The first step towards a future devoid of oil, coal and related energy holdings looks promising. Just days after US President Donald Trump signed the resumption of an access pipeline project that will transport hundreds of thousands of crude oil from North Dakota to Illinois, an initiative to preserve the natural resources has been launched in Europe.

Ireland has steered its ship towards an impending outlook that sees the country using alternative means of energy assets. Its legal system has done it quite convincingly.

With a 90 to 53 runaway voting decision, the Parliament has withdrawn its support for the country's Strategic Investment Fund. This means that gas, oil and coal investments will no longer be backed by Ireland's $8.56 billion coffer.

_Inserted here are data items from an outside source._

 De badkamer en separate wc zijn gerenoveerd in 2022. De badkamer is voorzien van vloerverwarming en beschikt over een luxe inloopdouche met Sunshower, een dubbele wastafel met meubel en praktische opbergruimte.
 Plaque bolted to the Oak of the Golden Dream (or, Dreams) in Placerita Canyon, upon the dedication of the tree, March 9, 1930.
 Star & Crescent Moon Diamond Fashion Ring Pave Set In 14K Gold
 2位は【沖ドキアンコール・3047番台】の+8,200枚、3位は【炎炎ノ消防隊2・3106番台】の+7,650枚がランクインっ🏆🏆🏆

Although the result of the ballots has not been officially translated into law, it is believed that this development is highly likely to be approved soon. The proposal has been pushed by independent politician Thomas Pringle.

Considering the overwhelming chances of the initiative to be passed into law, the budget for fossil ventures will be taken out of the strategic fund for the next five years. The stakes will eventually be sold down the road.

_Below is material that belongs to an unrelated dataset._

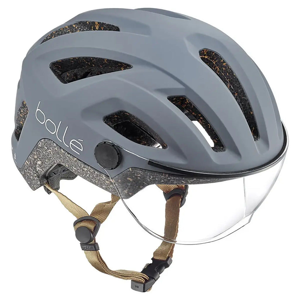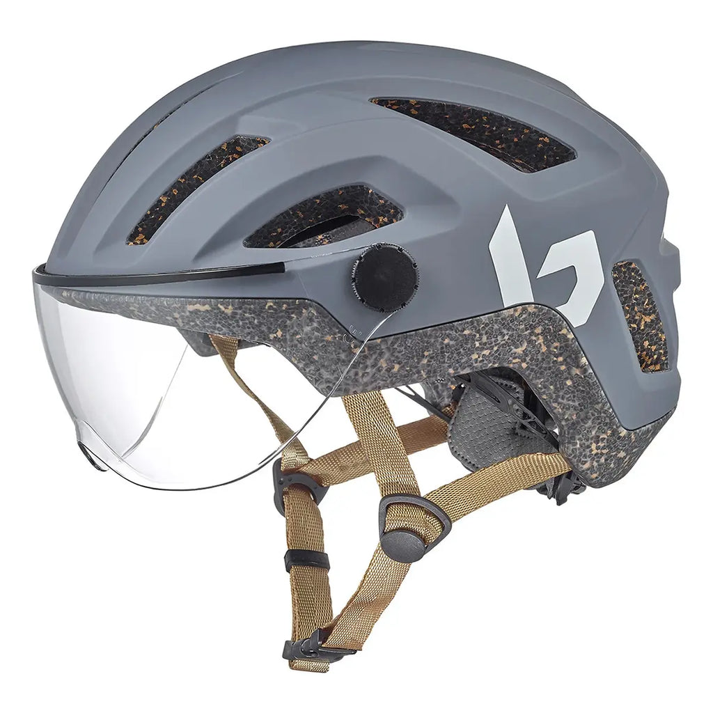 The ECO REACT VISOR is an urban commuter helmet that seamlessly combines stylish design, sustainability, and integrated eye protection thanks to its clear built-in visor (Cat 0)—perfect for cycling in low-light conditions with minimal tint. Built using AViD Aero Progressive EPS foam, which absorbs impact effectively while promoting airflow. Includes 20% cork mixed into the EPS, enhancing both cushioning and eco-performance. 100% recycled nylon plastic components, including the adjustment system. Uses 100% recycled fiber for straps and inner lining.
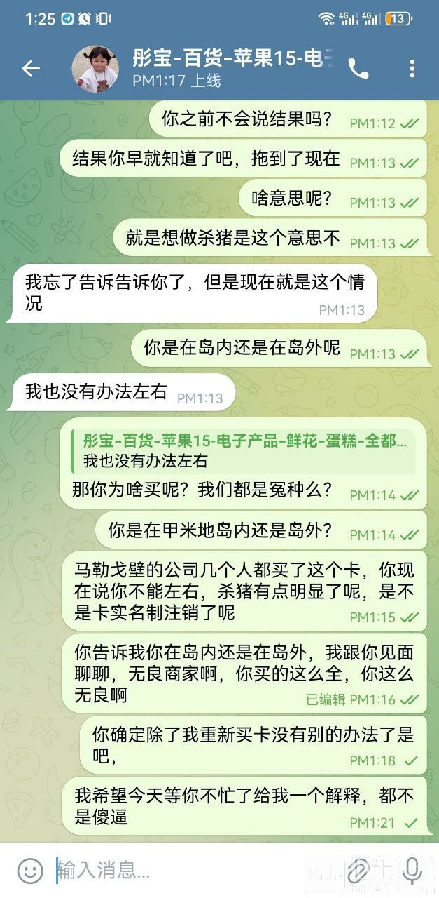 然后过了两天又说运营商维护,我说其他的怎么可以使用他又对我说部分用户维护,一直让我等,等了一个月告诉我这个卡不能用了需要买新卡,我操他妈这是纯纯的杀猪啊。

According to Pringle, the move sends a strong signal to global companies that their constant exploitation of natural resources will come to an end. It is a fact that such scheming has led to climate changes which resulted to catastrophic effects in underdeveloped nations where living instability has been rampant.

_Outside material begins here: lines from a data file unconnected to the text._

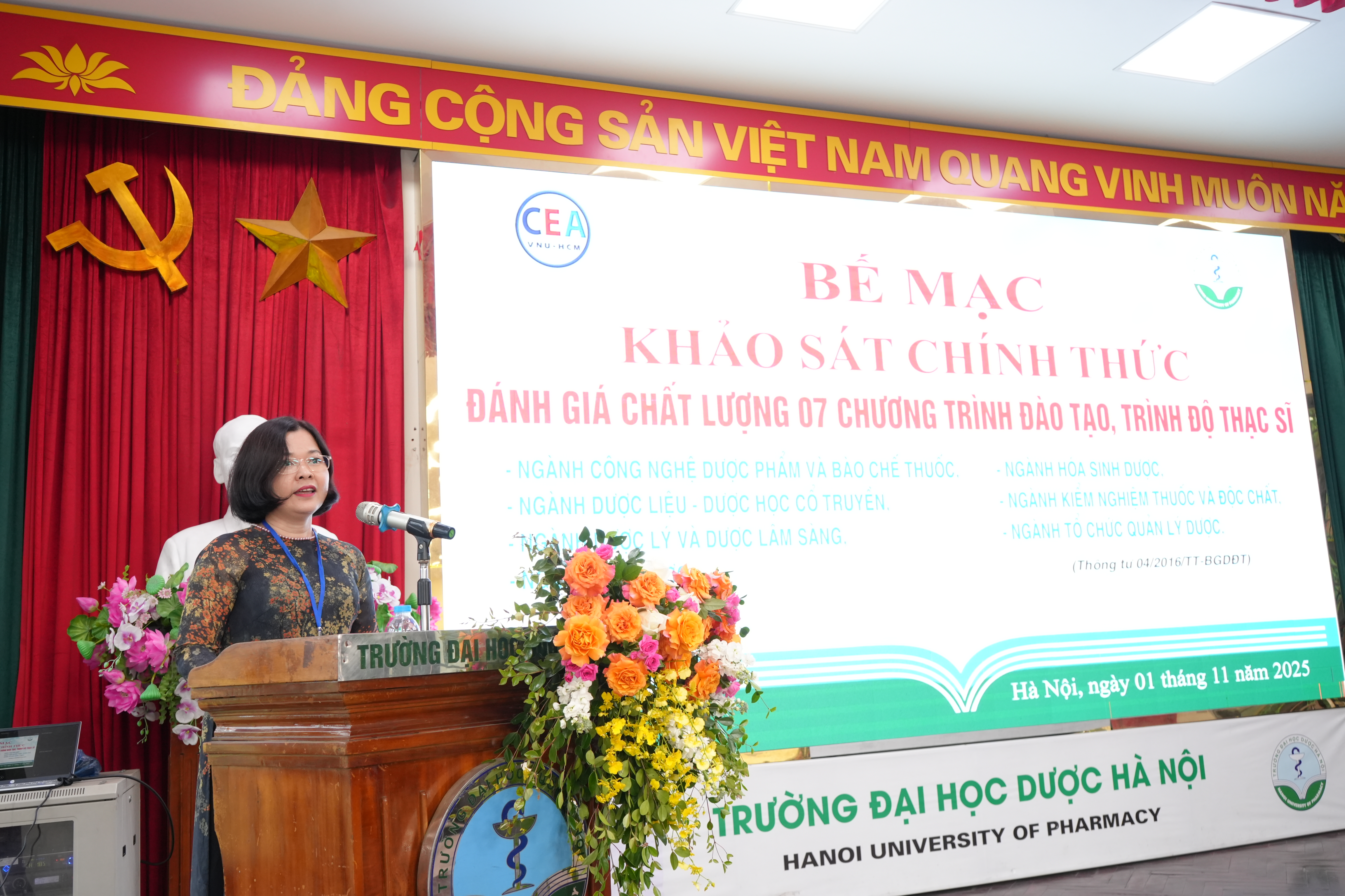 Chiều ngày 01/11/2025, tại Trường Đại học Dược Hà Nội đã diễn ra Lễ bế mạc đợt khảo sát chính thức đánh giá ngoài 07 chương trình đào tạo trình độ thạc sĩ, khép lại quá trình làm việc nghiêm túc, khoa học và đầy tâm huyết giữa Nhà trường và Trung tâm Kiểm định chất lượng giáo dục – Đại học Quốc gia Thành phố Hồ Chí Minh (CEA – ĐHQGHCM).
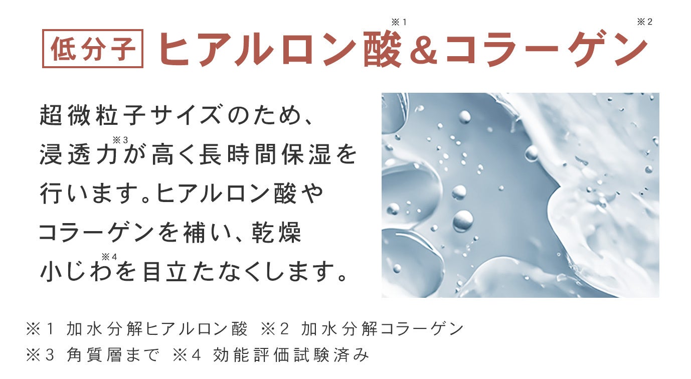 ▼平均分子量1/10,000の超微粒子[低分子 ヒアルロン酸*8&コラーゲン*9]
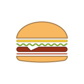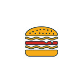 Burger płaskie logo i projekt ilustracji ikony wektor

However, the implication of Ireland's political will may not be that formidable. Judging from the European country's link with environmental issues, the dent is somewhat minimal. Still, the action is a huge symbolic approach.

Ireland's breakthrough will become more vital than Norway's drive to eliminate fossil fuel projects. It can be recalled back in 2015, Oslo has launched a process that will undermine the financial resources from the government's sovereign pension fund. Even though the campaign pushed through, the implementation coverage has fallen short considering that not all fuel organizations were included.